Люба успокоилась очень не скоро. Она рыдала, будто что вытрясалось из нее, искапала темными пятнами слез слова «Золотое кольцо» и все ужимала под скамью свои растоптанные туфли.
Было бы очень долго рассказывать все подробно, ведь мы целый день и долгий вечер были вместе, и Люба без конца говорила и говорила, и все о Валерин. Поэтому надо назвать главное.
Оно в том, что Валерий решил уйти из жизни, и не так просто, а так, чтобы не оставить о себе никаких следов. Почему? После встречи с Линой ему показалось, что он заболел, он кинулся звонить Лине, она не отвечала. Потом, ответив, сказала, чтоб он и не думал обращаться в клинику, так как там подобные болезни лечат только после того, когда известно, от кого произошло заражение.
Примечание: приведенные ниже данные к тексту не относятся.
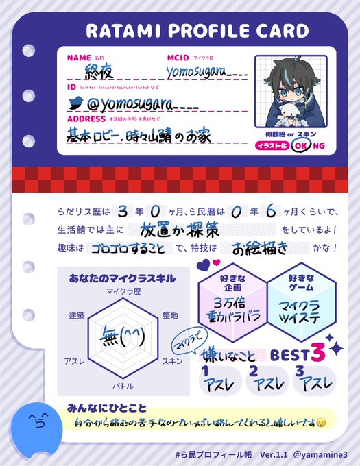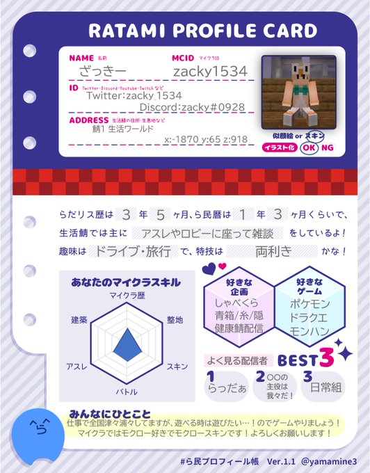 #ら民プロフィール帳 #ら民
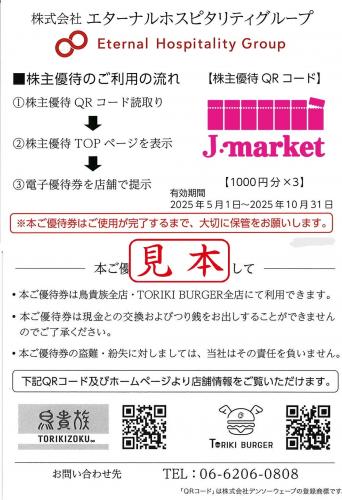 鳥貴族株主優待券(エターナルホスピタリティ)3000円分(1000円×3枚)~2026年4月30日

Выдавать Лину было бы преступно, тут мгновенно рушилась карьера ее мужа и так далее… (Все это Люба рассказывала мне как прекрасно заученный урок, Валерий, доверясь ей, рассказывал асе это как предсмертную исповедь.)
Далее: Лина предложила ему ехать за границу, принимая там подданство, обеспечивая ему все условия работы – рекламу, мастерскую, – и, разумеется, эффективное лечение. «Эта дрянь, – говорила Люба, – за ним увязалась. Ишь гуляй, Вася, по паркету. Конечно, престижно быть замужем за художником, а не за каким-то солдафоном».
Более того: паспорт Валерия был уже у Лины, и она его не отдавала. Валерий попробовал сунуться в платную клинику, но еле вырвался оттуда: там тоже были жестокие условия на исцеление от этой заморской болезни. А Лина умоляла («Я их знаю, этих дешевок, – говорила Люба, – что хотят с мужиками, то и делают»), Лина умоляла никуда не ходить и, пока не поздно, ехать вместе с нею.
Тогда Валерий обратился к варварскому способу освобождения от болезней и забот – он запил. Это как раз в то время, когда Валя расходилась с ним.
Очнувшись от пьянства, он кинулся в Керчь, позвонив мне из аэропорта. Тогда, я думаю, прорезались в нем и овладели им прежние мысли бесследного ухода из жизни, без вести пропавшего. Я забыл сказать, что сам Валерий вырос без отца, что его отец как раз и был без вести пропавшим.
Никому не объявившись в Керчи, только зайдя в лапидарий и побывав в катакомбах, упершись в тупик, не заметя ответвления, он полетел в Великий Устюг.
Здесь он тоже никому не объявлялся, только своему знакомому художнику с «Северной черни», сказав ему, что просто приехал отдохнуть. Здесь тоже пил. Жил в мастерской товарища.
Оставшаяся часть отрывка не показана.